§ What the task asks: Once the pictures are removed, restate the listing word for word.

Top of Exercise data

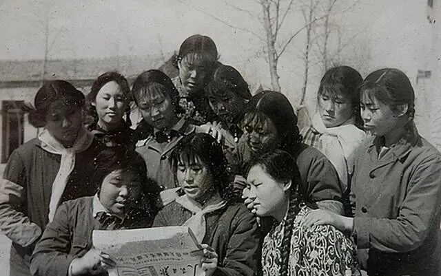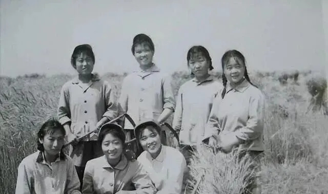 图中这群女知青站在麦浪里,衣服都是直身的棉布褂子,扣子排得齐齐的,背后篓口露出几根稻草,风顺着麦梢吹过来,刘海被吹得有点乱,她们偏偏笑得稳当,奶奶看这张时总会说一句,那个时候人心里亮,照出来才亮,现在拍照会打光会修图,可那份从里往外冒的精神头,真不太好复刻了。
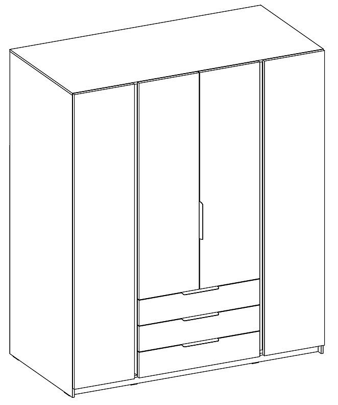 Šatní skříň Keny I v moderním designu má šířku 200 cm a je rozdělena na tři praktické části. Vnitřní uspořádání kombinuje závěsnou tyč, 11 polic a 3 šuplíky, což umožňuje přehledné a praktické rozdělení šatníku.
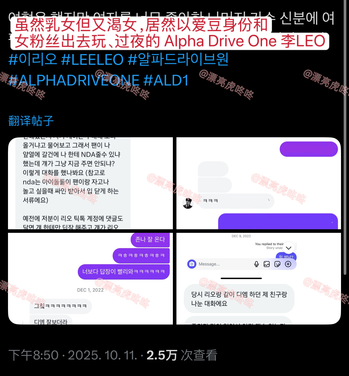 【twi】ald1 李LEO被爆以爱豆身份和女粉私联、私会、过夜、签NDA协议(爱豆想和粉丝私会时的保密协议) 曝Leo和女粉丝私联 曝Leo和女粉丝签保密协议 ​​​

Bottom of Exercise data

§ Solution to the problem:
 图中这群女知青站在麦浪里,衣服都是直身的棉布褂子,扣子排得齐齐的,背后篓口露出几根稻草,风顺着麦梢吹过来,刘海被吹得有点乱,她们偏偏笑得稳当,奶奶看这张时总会说一句,那个时候人心里亮,照出来才亮,现在拍照会打光会修图,可那份从里往外冒的精神头,真不太好复刻了。
 Šatní skříň Keny I v moderním designu má šířku 200 cm a je rozdělena na tři praktické části. Vnitřní uspořádání kombinuje závěsnou tyč, 11 polic a 3 šuplíky, což umožňuje přehledné a praktické rozdělení šatníku.
 【twi】ald1 李LEO被爆以爱豆身份和女粉私联、私会、过夜、签NDA协议(爱豆想和粉丝私会时的保密协议) 曝Leo和女粉丝私联 曝Leo和女粉丝签保密协议 ​​​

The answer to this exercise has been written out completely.